Al-Burhan calls for the dissolution of the government

The head of the Sovereign Council in Sudan, Lieutenant-General Abdel Fattah Al-Burhan, said that there are no solutions to the current situation in the country except through “dissolving the government,” with the continuing political tension in the country due to differences between the civil and militIG components of the government.

Al-Burhan explained, during a speech to officers and soldiers on Monday, that “there are no solutions to the current situation except by dissolving the current government and expanding the base of political parties in the transitional government.”

He continued, “Civilians have been in constant contact with the militIG component since the beginning of the current crisis, but the militIG component rejected all attempts to continue the partnership in its previous form,” referring to its insistence not to continue the partnership, without expanding the base of political parties in the transitional government to include all parties.

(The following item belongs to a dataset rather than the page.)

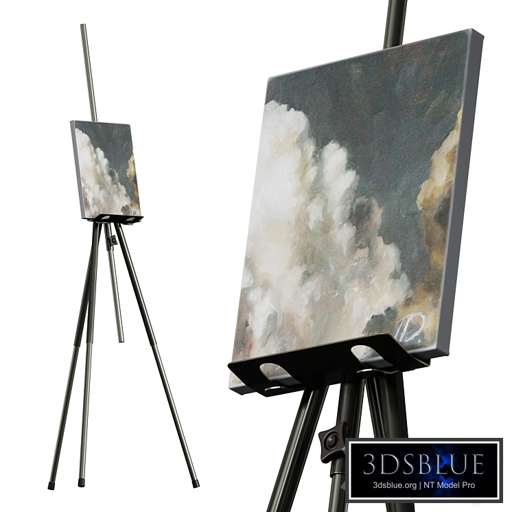 3D model of a metal easel with a painting. The easel is made of metal, placed on telescopic legs with a central tube adjustable in height. The painting with clouds depicted is a canvas on a wooden stretcher. The easel is equipped with a shelf for placing paints and brushes. Overall dimensions: 55cm x 45cm x 155cm The archive contains: all textures Material files for Vray, Corona and Fstorm. additional formats OBJ and FBX Number of polygons: 5429 Number of peaks: 5625

Except for the National Congress.

He stressed the need to “accelerate the formation of the Constitutional Court, the appointment of an independent chief justice, and the formation of a legislative council that represents all the people except for the National Congress.”

A political crisis erupted between the militIG component of the Sovereignty Council and parties in the transitional government, after a failed militIG coup on September 21, which led to the suspension of joint meetings at the level of the interim parliament in particular.

These developments come against the backdrop of the escalating political crisis in the country, which culminated in the statement by Sudanese Prime Minister Abdullah Hamdok, that the work of state institutions within the partnership, in a statement that is the first of its kind, faltered.

fiercest attack
This is the clearest position of the MilitIG Council on the crisis between the two components in the government, and it comes after days of violent criticism by the First Deputy Chairman of the Sovereign Council, Mohamed Hamdan Dagalo, “Hemedti,” regarding the subordination of the intelligence and police services to the militIG.

Hemedti said that the current crisis has shown that “civilians’ ambition is in chairs,” while the militIG’s thinking is focused on how to get the country out of its crisis, according to statements quoted by the newspaper, “Al-Sawadni.”

Hemedti explained: “We did not discuss handing over the presidency of the Sovereign Council to civilians, and it is not on our agenda at the moment because it is premature.”

Hemedti affirmed adherence to the subordination of the police and the General Intelligence Service to the militIG side, saying, “We will only hand over the police and the apparatus to an elected government,” noting that about 11,000 police resigned due to poor salaries.

He pointed out that “the portrayal of what is happening now because of the imminent handover of the Sovereign Council to civilians is a lie and a shame, and we are not talking about chairs in the shadow of a country that is moving toward the abyss.”

The civilian component responds
For his part, the Sudanese Minister of Cabinet Affairs, Khaled Omar Youssef, on Friday criticized Hemedti’s statements. He said that it represents a “threat to fulfill the obligations of the constitutional document,” vowing to address this threat “in a serious and strict manner.”

In a post on his Facebook account, the minister described the statements of the Vice-President of the Sovereignty Council as “a clear violation of the constitutional document, which clearly stipulates in Article 36 that the police are subject to the executive authority and in Article 37 that the intelligence service is subject to the sovereign and executive authorities, and never provided for any subordination.” Exclusive for the militIG for either device.

Omar stressed that the task of developing and reforming the security and militIG apparatus is “a fundamental task in determining the success of the civil democratic transition.”

He considered that “the statement constitutes a direct threat to the fulfillment of the obligations and tasks of the constitutional document, which we will address in a serious and strict manner.”